▶ How to complete this task
Exact copy, no pictures: repeat the data that follows.

▶ Information provided
▽
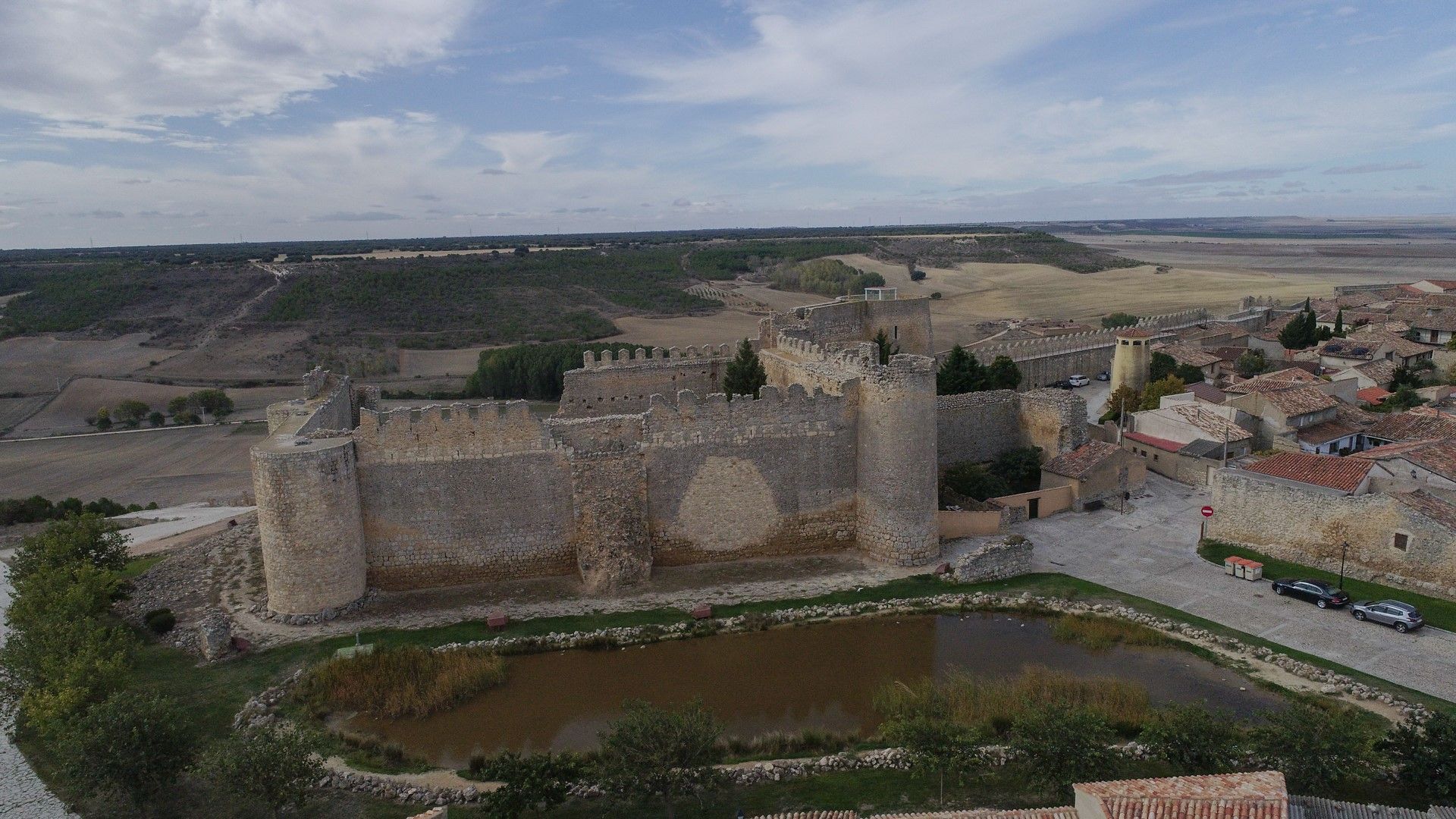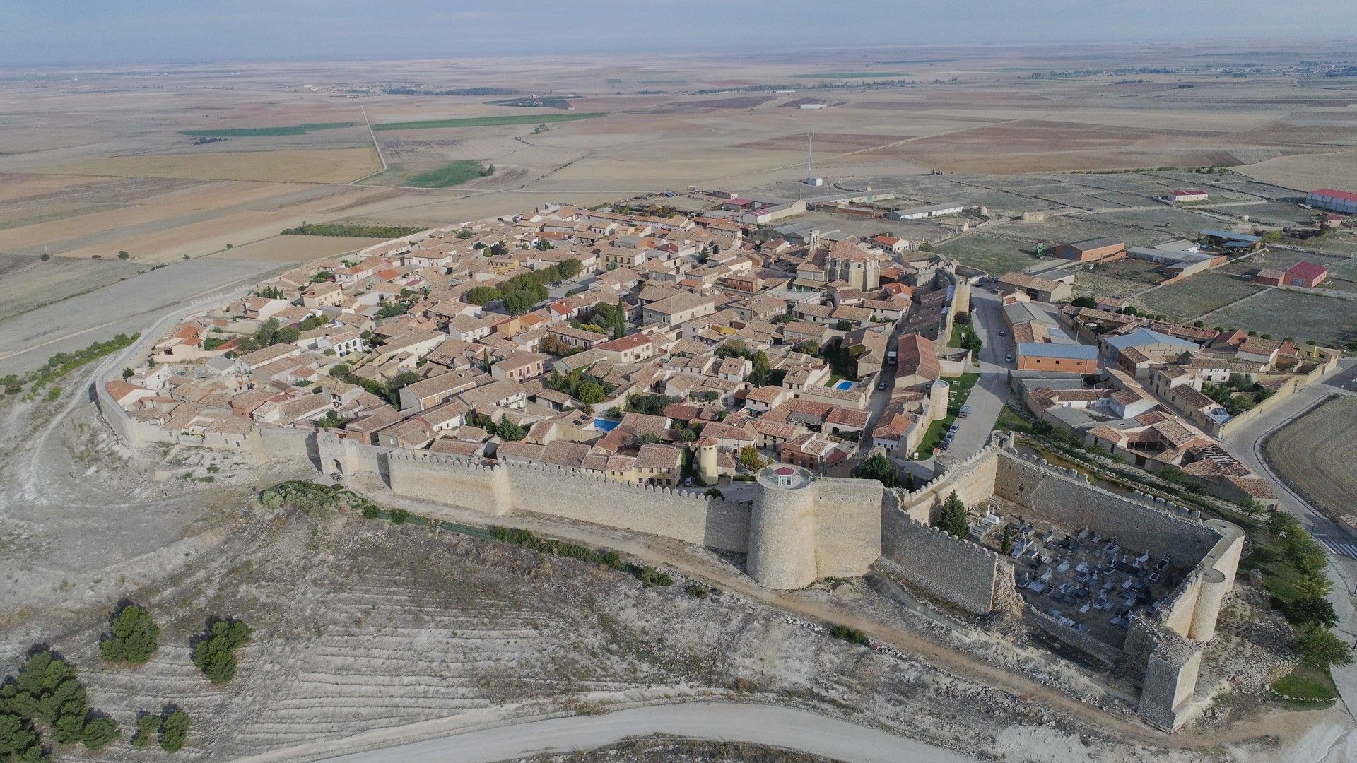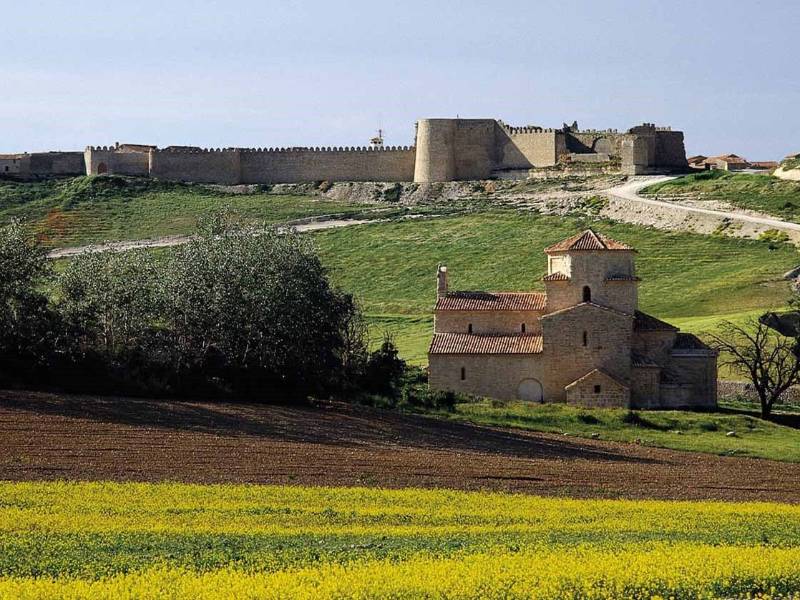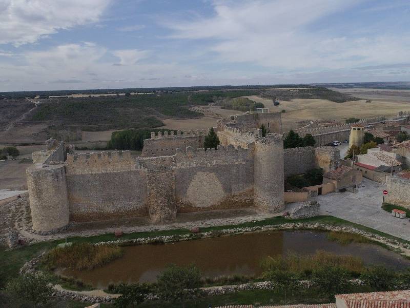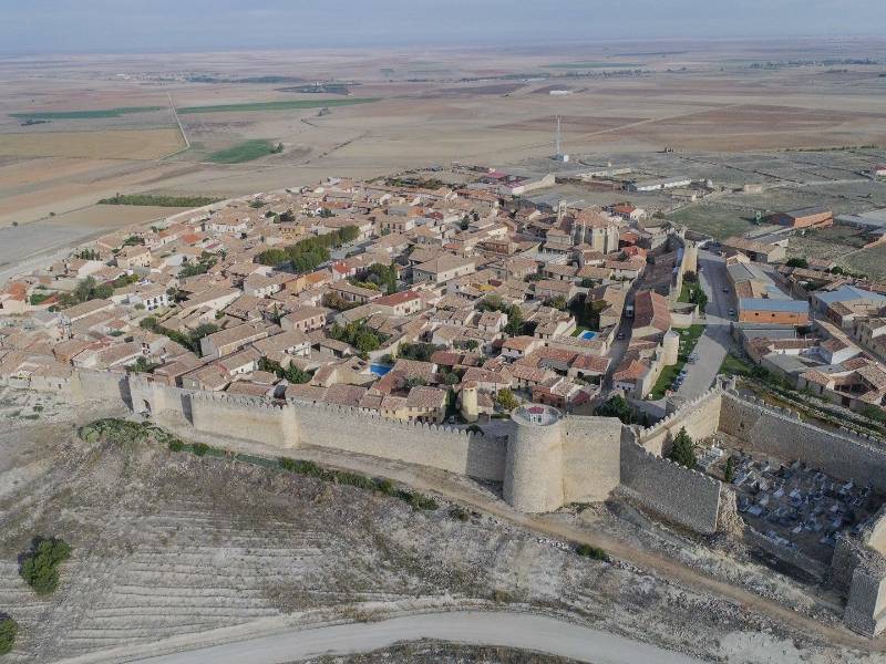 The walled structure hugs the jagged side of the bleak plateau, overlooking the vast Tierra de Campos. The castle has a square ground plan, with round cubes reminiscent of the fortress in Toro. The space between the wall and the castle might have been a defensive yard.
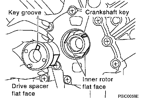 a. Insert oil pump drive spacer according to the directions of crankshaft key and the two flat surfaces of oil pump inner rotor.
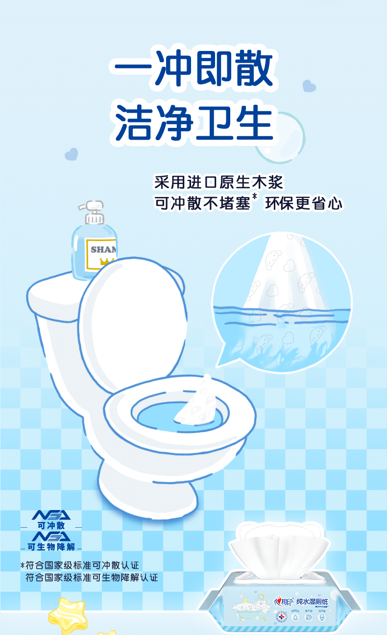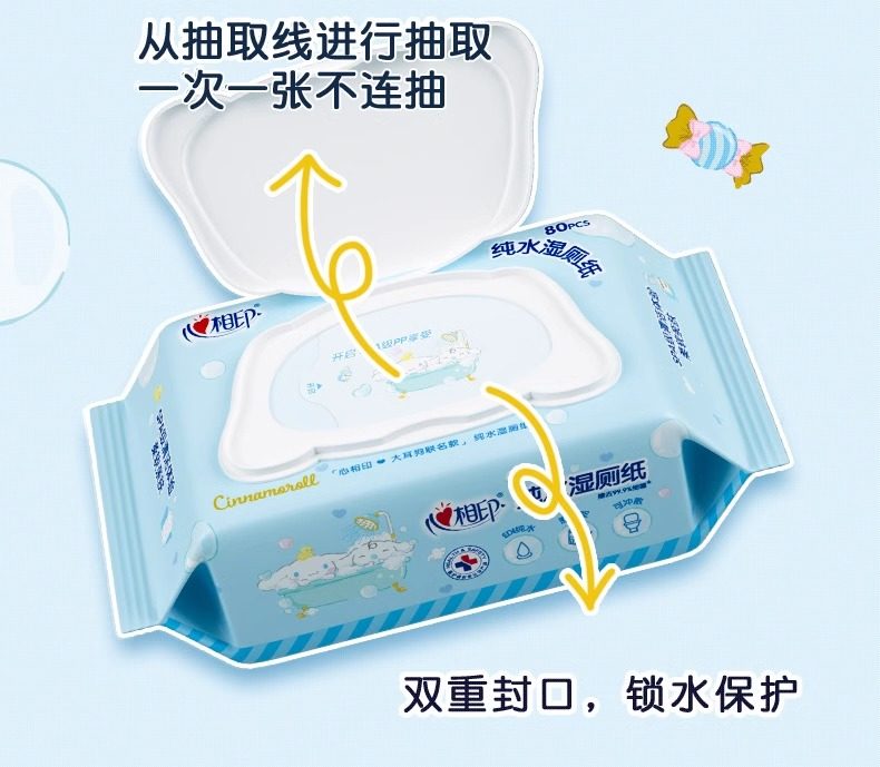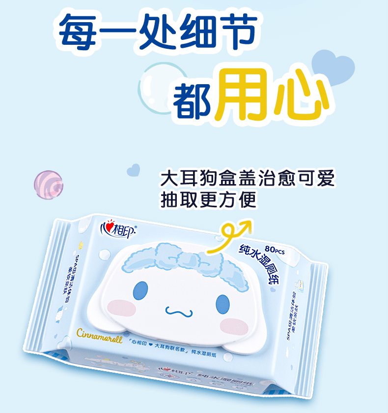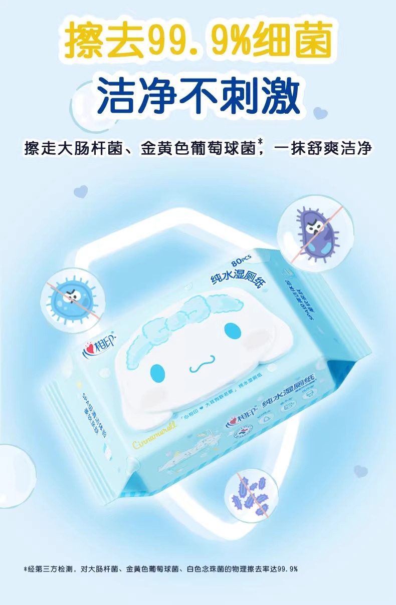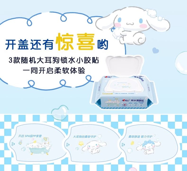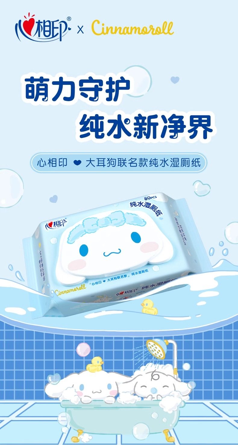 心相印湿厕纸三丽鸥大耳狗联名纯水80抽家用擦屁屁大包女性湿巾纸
△
▶ Result for this task
 The walled structure hugs the jagged side of the bleak plateau, overlooking the vast Tierra de Campos. The castle has a square ground plan, with round cubes reminiscent of the fortress in Toro. The space between the wall and the castle might have been a defensive yard.
 a. Insert oil pump drive spacer according to the directions of crankshaft key and the two flat surfaces of oil pump inner rotor.
 心相印湿厕纸三丽鸥大耳狗联名纯水80抽家用擦屁屁大包女性湿巾纸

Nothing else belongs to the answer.